* **Task prompt**: Using the string "totalmente" as the key, pull each matching line out of the records below.

* **Provided data**:
====

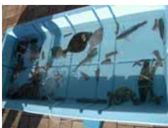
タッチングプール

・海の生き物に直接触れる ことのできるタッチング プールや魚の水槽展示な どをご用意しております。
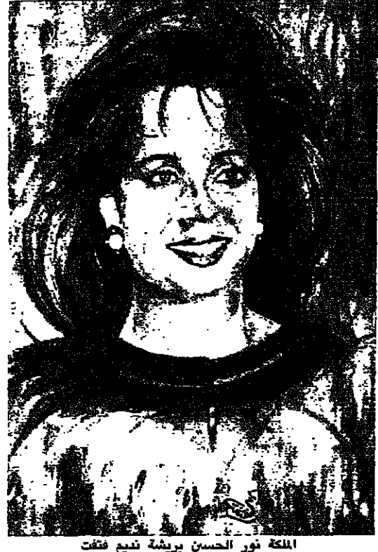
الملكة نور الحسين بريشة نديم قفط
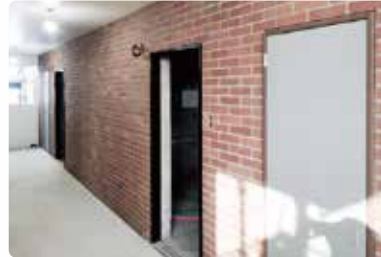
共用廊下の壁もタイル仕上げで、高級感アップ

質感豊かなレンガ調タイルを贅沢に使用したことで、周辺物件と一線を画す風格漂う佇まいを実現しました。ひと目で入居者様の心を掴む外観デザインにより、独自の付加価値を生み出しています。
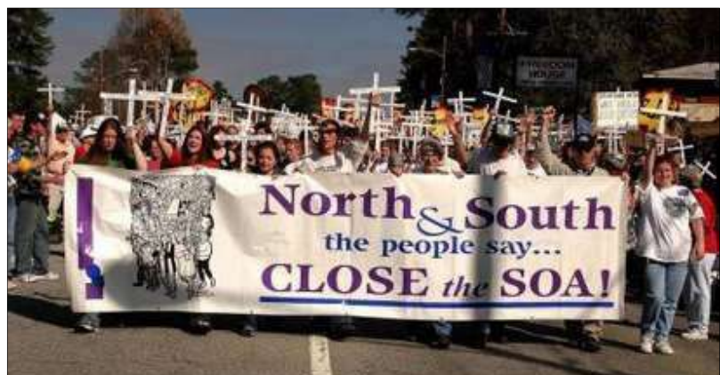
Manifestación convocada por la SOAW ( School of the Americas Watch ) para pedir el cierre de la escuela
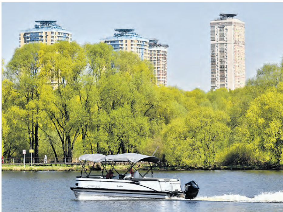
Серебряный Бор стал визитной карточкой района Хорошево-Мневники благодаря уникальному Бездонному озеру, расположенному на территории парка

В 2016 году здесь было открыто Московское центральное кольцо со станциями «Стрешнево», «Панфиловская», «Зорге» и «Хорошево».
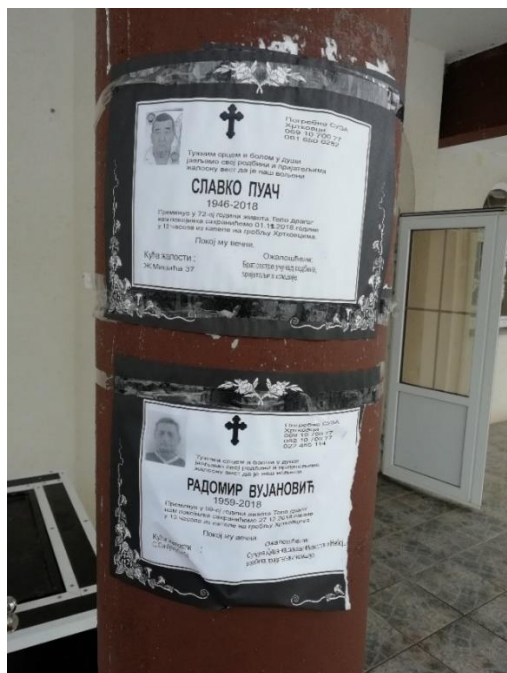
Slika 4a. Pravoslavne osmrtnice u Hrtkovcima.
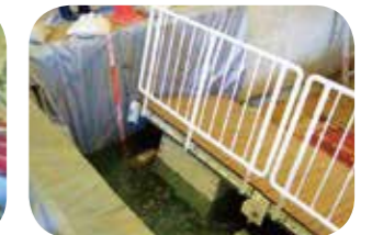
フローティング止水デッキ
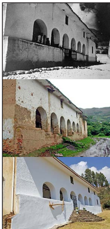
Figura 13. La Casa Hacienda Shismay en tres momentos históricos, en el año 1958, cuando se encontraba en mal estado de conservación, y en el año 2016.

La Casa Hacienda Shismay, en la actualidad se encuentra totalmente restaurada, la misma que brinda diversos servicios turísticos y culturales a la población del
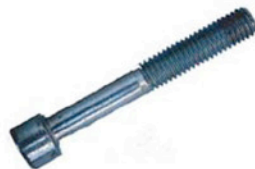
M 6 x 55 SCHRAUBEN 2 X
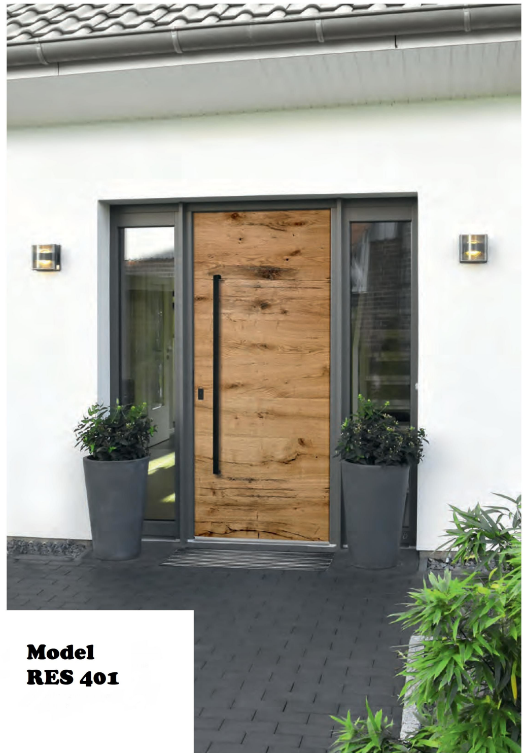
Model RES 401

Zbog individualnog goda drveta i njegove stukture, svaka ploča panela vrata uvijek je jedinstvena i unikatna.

====

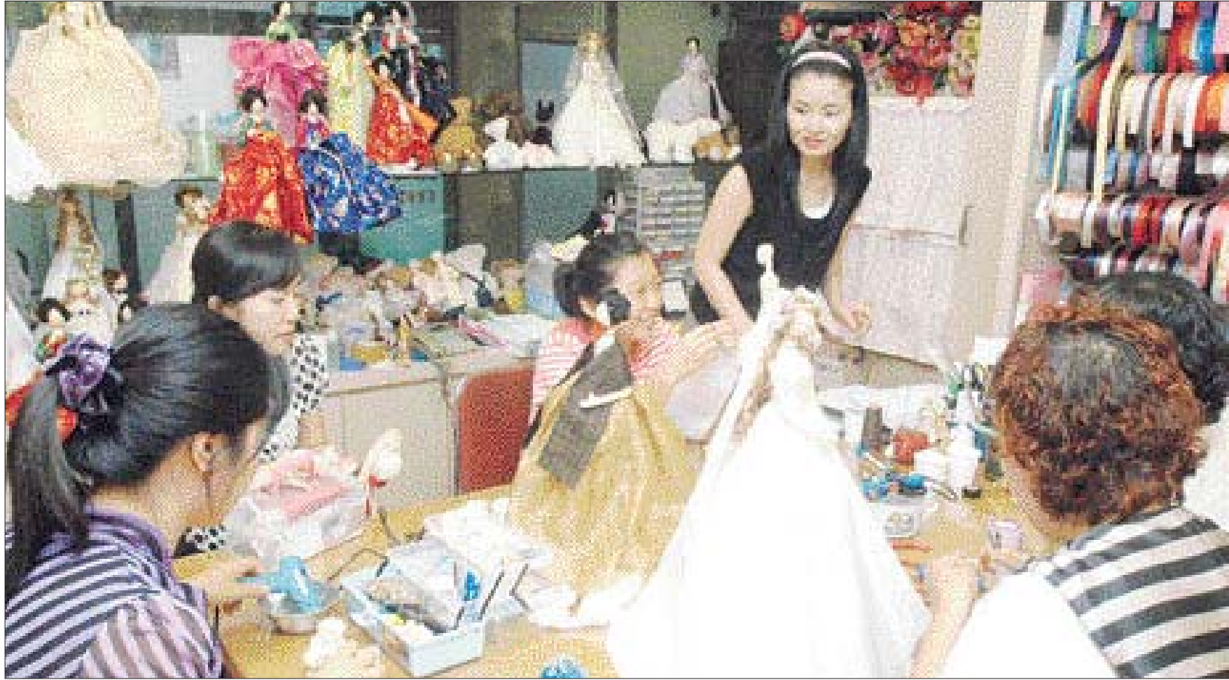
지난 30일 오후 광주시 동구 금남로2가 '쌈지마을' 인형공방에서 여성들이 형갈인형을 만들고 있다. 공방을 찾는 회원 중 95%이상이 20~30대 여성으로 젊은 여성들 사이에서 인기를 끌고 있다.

====

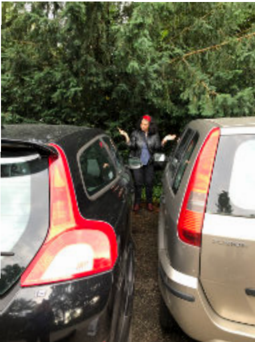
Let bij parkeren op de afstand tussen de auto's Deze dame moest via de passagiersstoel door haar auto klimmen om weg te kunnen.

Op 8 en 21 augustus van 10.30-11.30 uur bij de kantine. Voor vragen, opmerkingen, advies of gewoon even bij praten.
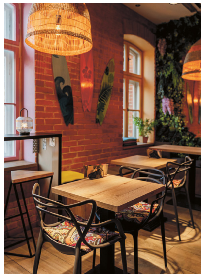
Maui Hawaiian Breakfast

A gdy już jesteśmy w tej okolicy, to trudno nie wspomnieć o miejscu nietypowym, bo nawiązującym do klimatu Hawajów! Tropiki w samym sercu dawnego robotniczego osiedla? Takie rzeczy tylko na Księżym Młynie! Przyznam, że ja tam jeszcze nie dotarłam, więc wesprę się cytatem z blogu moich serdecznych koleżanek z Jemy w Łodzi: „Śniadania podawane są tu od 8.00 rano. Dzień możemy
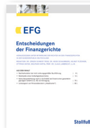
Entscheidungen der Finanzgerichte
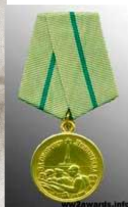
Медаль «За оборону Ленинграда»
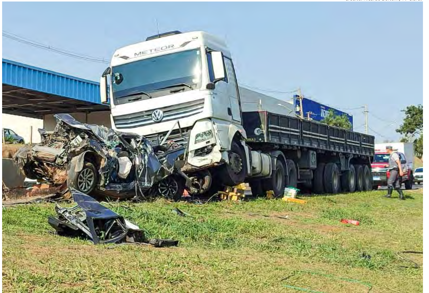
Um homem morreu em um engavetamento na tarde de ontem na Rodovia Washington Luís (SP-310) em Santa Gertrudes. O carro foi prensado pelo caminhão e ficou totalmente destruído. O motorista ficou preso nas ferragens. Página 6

====

* **Task response**:
La Casa Hacienda Shismay, en la actualidad se encuentra totalmente restaurada, la misma que brinda diversos servicios turísticos y culturales a la población del
Um homem morreu em um engavetamento na tarde de ontem na Rodovia Washington Luís (SP-310) em Santa Gertrudes. O carro foi prensado pelo caminhão e ficou totalmente destruído. O motorista ficou preso nas ferragens. Página 6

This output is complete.